Yusuf Zengul

Cherry Wood Spoon

While walking around my neighborhood lake, I shift my gaze, expecting to see my favorite tree: a tree that possesses beautiful pink blossoms atop its gray-striped trunk laden with golden sap; a tree whose beauty tempts yet prevents me from carving its deep red flesh.

As I approached, I realized the tree was not where it used to stand. The tree had fallen, its trunk a frayed mess of red and yellow splinters surrounded by tire marks alluding to the culprit of the crime. I was saddened but also ecstatic at the opportunity to make something out of the tree’s misfortune. After processing the wood, I caught a whiff of a pleasant scent – it smelled like cherries.

I have always been fond of creating things. Whether I'm carving a pumpkin or building and programming robots, I love the process of making something from seemingly nothing. In my mind, nothing could beat the feeling of working on something with my two hands. Now I had a new medium to manipulate and tinker with: wood. 

After deciding to carve a cooking spoon for my mother, I started by hacking away at one of the pieces of red cherry wood until it was shaped more like a block than a log. Then I traced my chosen design, a flat cooking spoon, onto the block. To make use of the cherry wood's natural two-tone coloring, I decided to carve the spoon from the intersection of the golden sapwood and cherry red heartwood. The next step has become one of my favorite steps of wood carving due to its stress-relieving properties: hacking away with a hatchet to rough out the spoon's shape. Next comes the lengthiest step and a great test of patience: slowly whittling away at the wood, taking slivers off one by one, thinning and shaping the wood one splinter at a time.

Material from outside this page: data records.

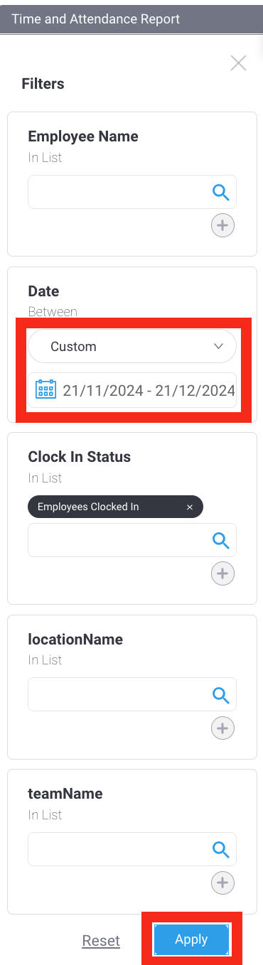 - In the filter options, set the filter option you want (In this sample we want the clocking report from November 21, 2024 to December 21, 2024.)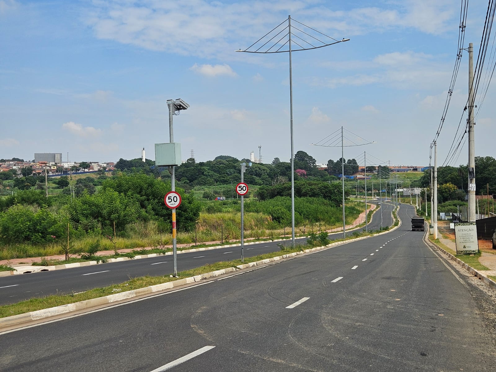Motoristas devem ficar atentos ao novo radar controlador de velocidade implantado pela Prefeitura de Hortolândia no sentido bairro/Centro da avenida Sabina Baptista de Camargo, próximo da rotatória e do Palácio dos Migrantes Paço Municipal “Prefeito Ângelo Augusto Perugini”, chegando no cruzamento com a estrada Carlos Roberto Prataviera. O equipamento inicia a operação no dia 20 deste mês. No trecho, a velocidade máxima para o tráfego é de 50km/h. O objetivo da implantação do dispositivo é garantir a segurança viária de pedestres e motoristas, evitando a circulação acima do limite de velocidade permitido, ação que causa acidentes. De acordo com a Secretaria de Mobilidade Urbana, atualmente, a cidade conta com 36 pontos de radares instalados.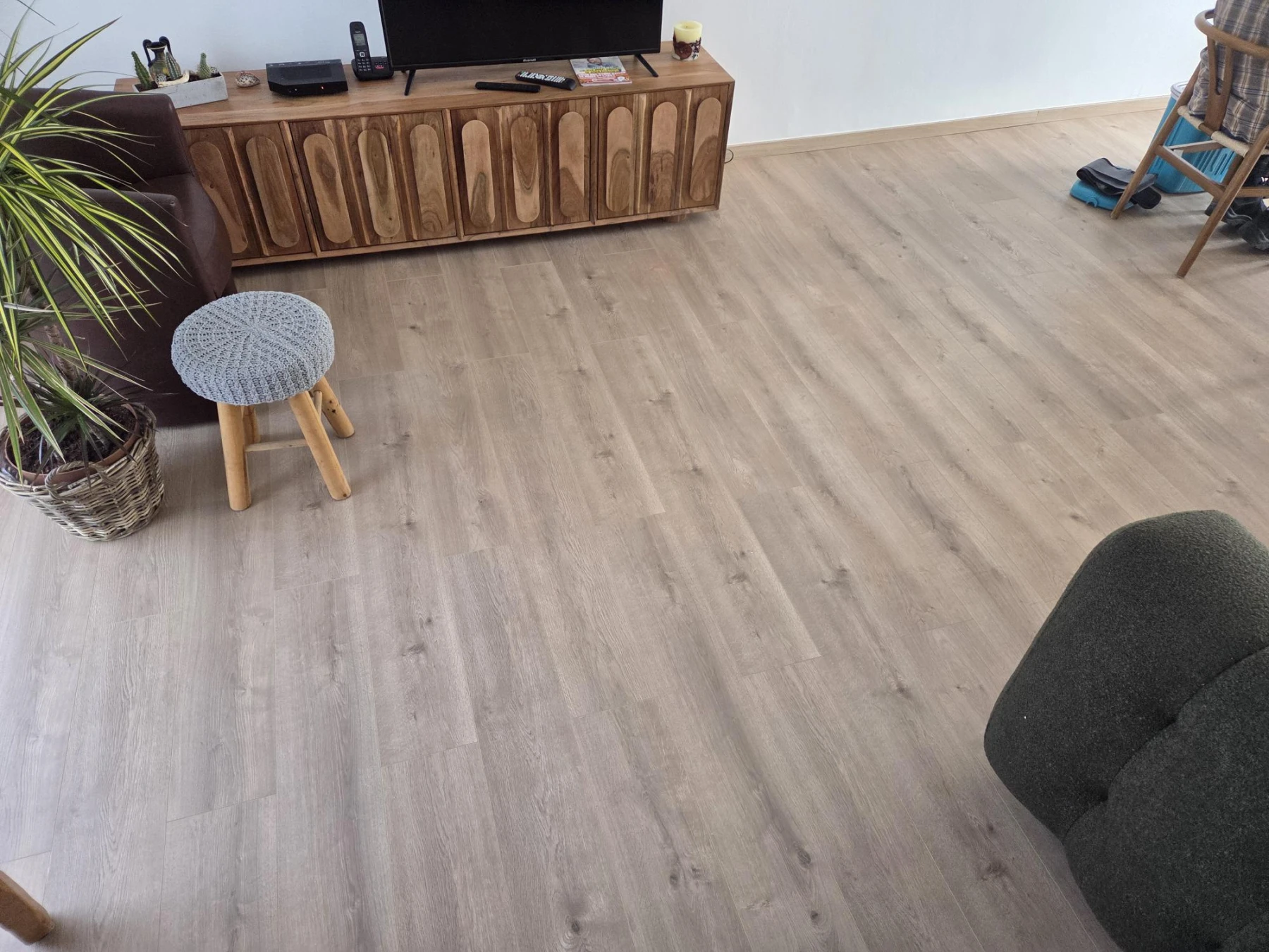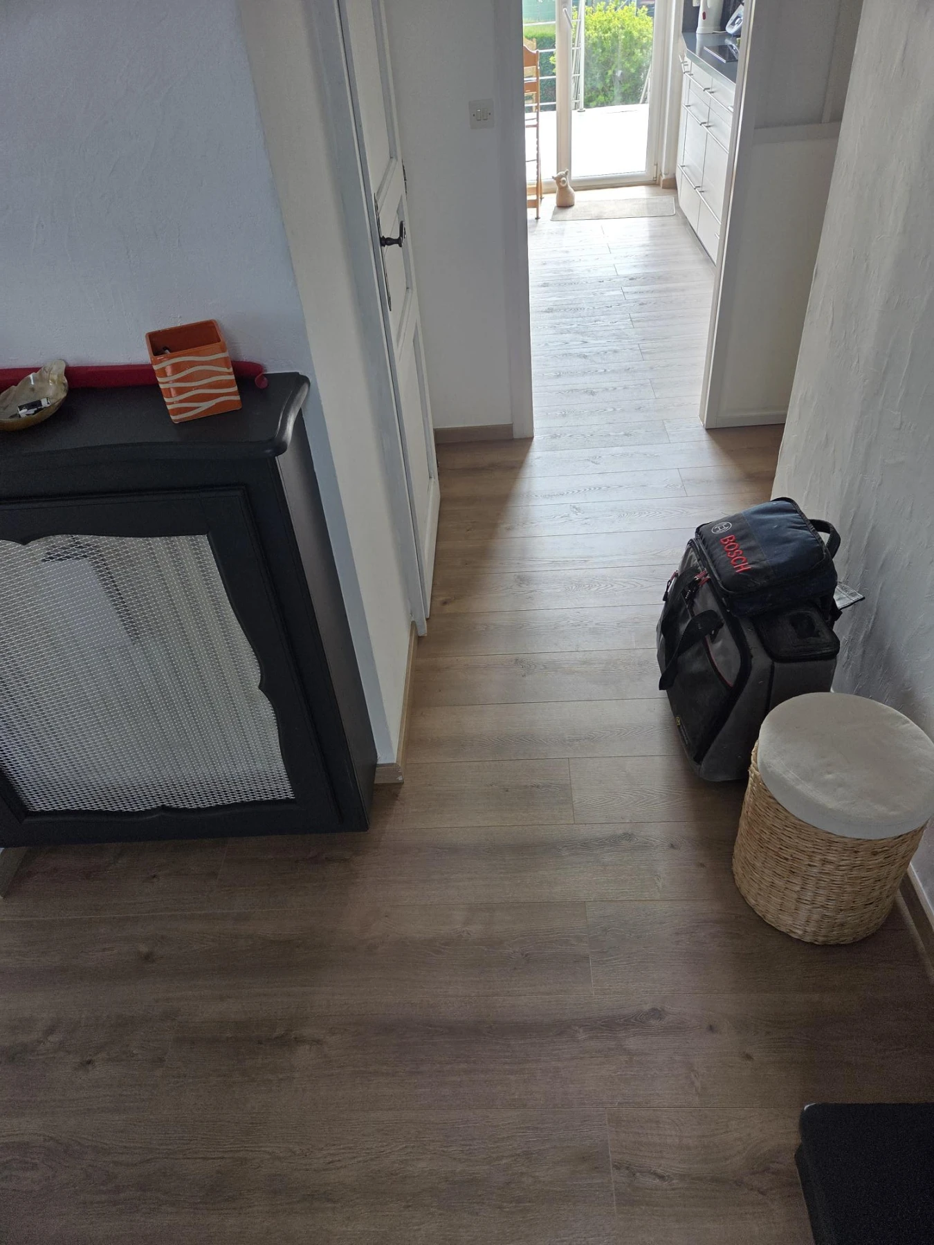Le chantier s’est poursuivi par la pose d’un parquet complet dans la cuisine, la salle principale ainsi que dans l’escalier. Le choix du parquet apporte chaleur et modernité à l’ensemble de l’habitation, tout en garantissant une grande résistance au quotidien.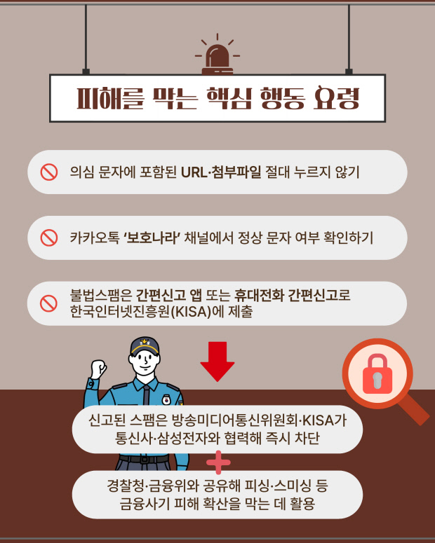 출처가 불분명한 미끼문자에 포함된 인터넷주소(URL)는 누르지 말고 전화도 받지 않아야 하며, 불법스팸을 받은 경우 해당 문자와 전자메일 등을 간편신고 앱과 휴대전화 간편신고 등을 통해 한국인터넷진흥원에 신고할 수 있다.

The repeated and precise action of scraping my knife along the grain of the wood, watching the slivers fall, and feeling my worries chip away while the spoon took shape calmed my mind. No internet to take away hours of my time, no pressure to socialize and maintain a face, no feeling of impending doom over an upcoming test, just me, a knife, and a block of wood. 

After a few weeks of carving, I was finally done shaping the timber. Now came the scariest part, drying the wood. When drying, wood can split. It is possible to prevent splitting by drying the wood slowly, but the risk will always remain. In the case of my spoon, this risk was even higher as wood tends to split at the intersection between its heartwood and sapwood, the exact intersection from which I had carved the spoon. Carving teaches that no matter how hard you try, the wood can still split. Failure happens, but one must overcome it. When I checked on my spoon after leaving it to dry, I was distraught to see a 2-inch fracture running down the head of the scoop parting the red and yellow grain. Yet I didn’t concede, instead filling the crack with wood glue and clamping it down, saving the spoon. It's been 3 years, and my mom is still happily using the spoon with no problems. 

Carving has become a helpful tool and teacher in my journey to create. From it, I have learned patience and to accept and learn from failure. I have used many mediums during my journey of creation. No matter what I'm creating, whether it be designing a program with my teammates to guide our autonomous robot to victory, soldering a LiPo battery to a soda can RC car, or working on building a chicken coop with my dad, I will always love the feeling of designing and creating, alone or with help, using my mind and two hands.